Our trusty ping utility can verify the reachability of devices on a network, and also provide data on how long it took an ICMP packet to reach its destination and back. Pinging multiple devices on different network devices and segments and comparing the round-trip times can provide valuable information on network latency. It can be used to help confirm latency as well as to identify what part of the network is experiencing the slowdown.
Traceroute is similar to ping in the fact that it provides round-trip information between a source and destination IP address on a network. Unlike ping, however, traceroute provides these times on a hop-by-hop basis. In enterprise networks, there are likely to be multiple hops along the path between source destination devices on a network. The traceroute utility works by sending a UDP (for Linux-based systems) or ICMP (for Windows systems) with a TTL value of 1.
Once the packet reaches the first hop down the path to the destination, that device realizes the TTL limit is reached and responds back to the source device, which collects the round-trip time value. The next packet will then be set to a TTL of 2, then 3 and so-on until the final destination IP is reached. You end up with a list of all the devices between the source and destination and how responsive those hops are at that point in time. This helps to further narrow down the source of network performance problems.
SNMP monitoring tools aren’t simply for determining whether a networking interface is up or down or for baselining link utilization. They also can be used to track down network bottlenecks that could be the source of latency problems. For example, if a server backup is clogging a critical uplink that contains voice traffic, an SNMP monitor can identify the interface with the bottleneck. Additionally, SNMP utilities can track down hardware malfunctions such as a CPU spike on a switch.
If your SNMP monitor can identify uplinks on the network that are congested, that’s great. But at the same time, it doesn’t point us to the true cause of the congestion. Is this legitimate data being sent? If so, it’s time to upgrade your bandwidth. However, congestion often is due to non-business related data such as YouTube/Netflix traffic or malicious behavior such as a DDoS. To find out, you need to be able to see further into the data and categorize it into groups. NetFlow analyzer tools can determine the nature of the data flow being sent across a network. They can even determine whether the traffic is business critical.

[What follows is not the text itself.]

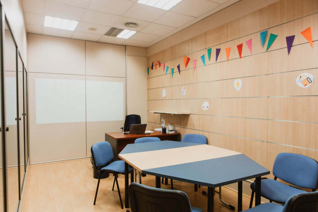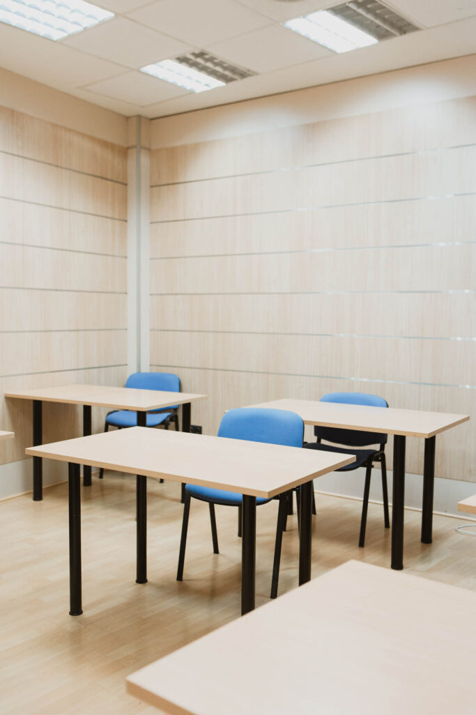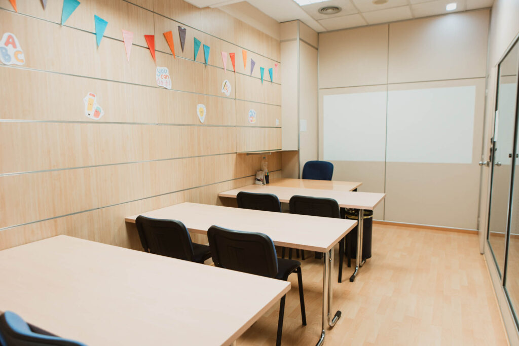 Nuestras aulas están distribuidas de manera que facilitan la interacción directa entre el profesor y cada alumno. El tamaño y la disposición del mobiliario permiten que los grupos sean pequeños y que cada estudiante reciba la atención individual que necesita.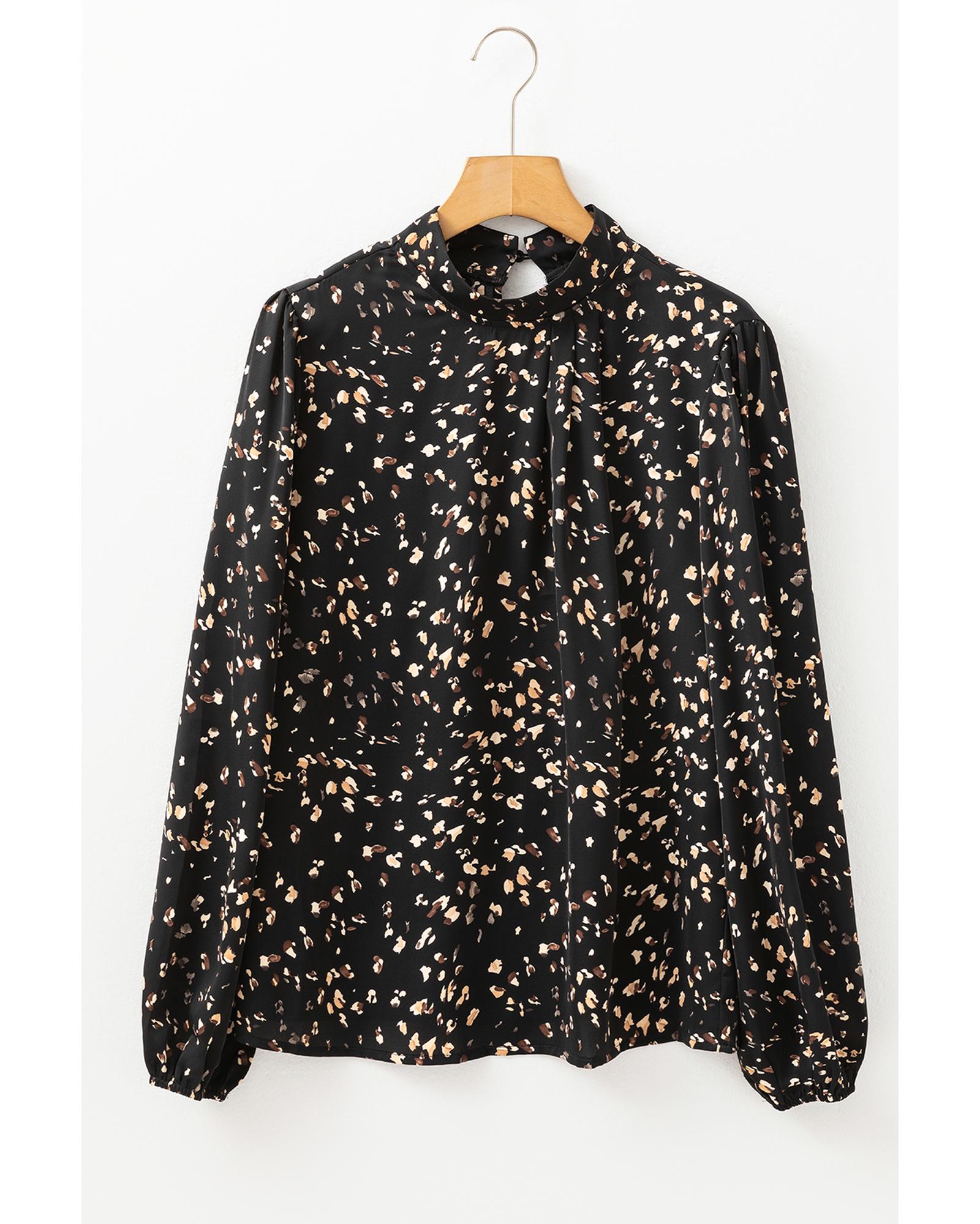 • Black Leopard Print Lantern Sleeve Mock Neck Pleated Blouse

For those tricky situations where all other troubleshooting tools have failed to find the root cause of network latency, it’s time to boot up your trusty protocol analyzer to dig into each packet. A protocol analyzer such as Wireshark can perform deep-packet inspection to determine exactly which packets are slow, where they are going and what they are doing.
The protocol analyzer is becoming increasingly useful for tracking down latency since most modern applications now operate in distributed architectures. If a user is complaining about an application being slow, that application may be distributed across multiple servers. The protocol analyzer can determine whether the problem is limited to a specific part of the overall distributed architecture.
Application performance monitoring
Finally, if you feel that you’ve exhausted all available resources and still haven’t found the root source of the problem, then perhaps the latency isn’t occurring on the network. Instead, the problem may very well be within the application itself. For example, if application transactions are collected and sent to a distributed database, it could be that the database is not fast enough to keep up during peak times. Application performance monitoring tools enable you drill into the application to uncover latency issues.